Transport properties of finite-density SU(2) lattice gauge theory

Quantum Chromodynamics (QCD) is a fundamental theory of nuclear interactions, describing nucleons as composite states of quarks and gluons. Heavy-ion collision experiments create a very hot and dense phase of nuclear matter, in which nucleons melt into a quark-gluon plasma. With more than 100 nucleons participating in each collision, the large numbers of produced quarks and gluons allow us to use hydrodynamics to describe the dynamics of QGP. Since nucleons and quarks are electrically charged, a hot QCD medium has nonzero electric conductivity and is also subject to strong magnetic field generated during the collision, which calls for a magneto-hydrodynamic description. Magneto-hydrodynamic equations require electric conductivity as a first-principle input. In particular, it is of direct importance for the lifetime of magnetic field.

We carried out the first numerical study of the density dependence of electric conductivity.
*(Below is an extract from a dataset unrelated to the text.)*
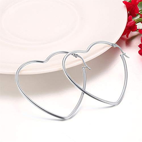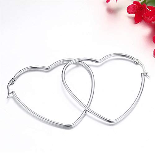 PAURO Donna in Acciaio inossidabile Titanio Grande Orecchino Cuore Amore Disegno Semplice 60mm Argento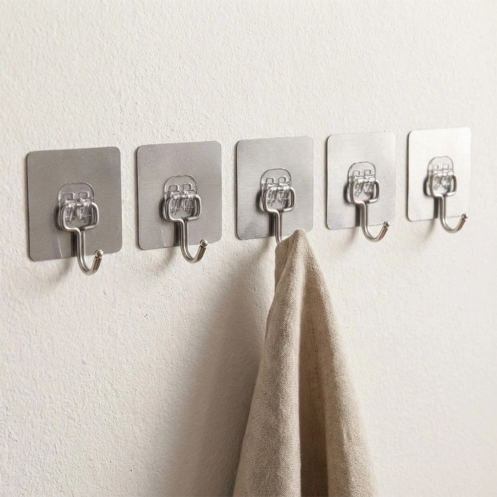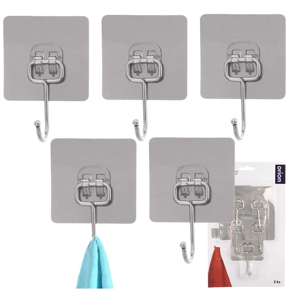 Praktičan set od pet samoljepljivih kuka za svako kućanstvo. Zahvaljujući jakoj adheziji čvrsto drže na glatkim površinama bez potrebe za bušenjem. Izrađene od izdržljivog nehrđajućeg čelika, idealne za kuhinju i kupaonicu za ručnike, krpe, kućne ogrtače ili ključeve. Jednostavna instalacija – odmastiti, pritisnuti i gotovo.

While this study is hardly possible in real QCD because of the fermionic sign problem which makes the path integral weight non-positive and does not allow for Monte-Carlo simulations, we circumvented the sign problem by replacing the SU(3) gauge group of QCD with the SU(2) gauge group. The resulting SU(2) gauge theory is similar to QCD for small densities. Using SU(2) gauge theory, we found that the density dependence of electric conductivity is mostly close to that of free quarks, and becomes somewhat more pronounced in the vicinity of the chiral crossover which separates the hadronic and the quark-gluon plasma regimes (see Figure). Furthermore, quantum anomalies of gauge theory (violations of classical chiral symmetry at the quantum level) generate new terms in magneto-hydrodynamic equations, known as anomalous transport phenomena. We used SU(2) gauge theory with finite fermion density to study one of these phenomena, the generation of fermionic chirality flow along the magnetic field in dense plasma, dubbed the Chiral Separation Effect. Justifying some of the popular phenomenological approaches, we found that the strength of the Chiral Separation Effect is well described by the free quark gas approximation everywhere in the phase diagram except for the low-temperature, low-density regime.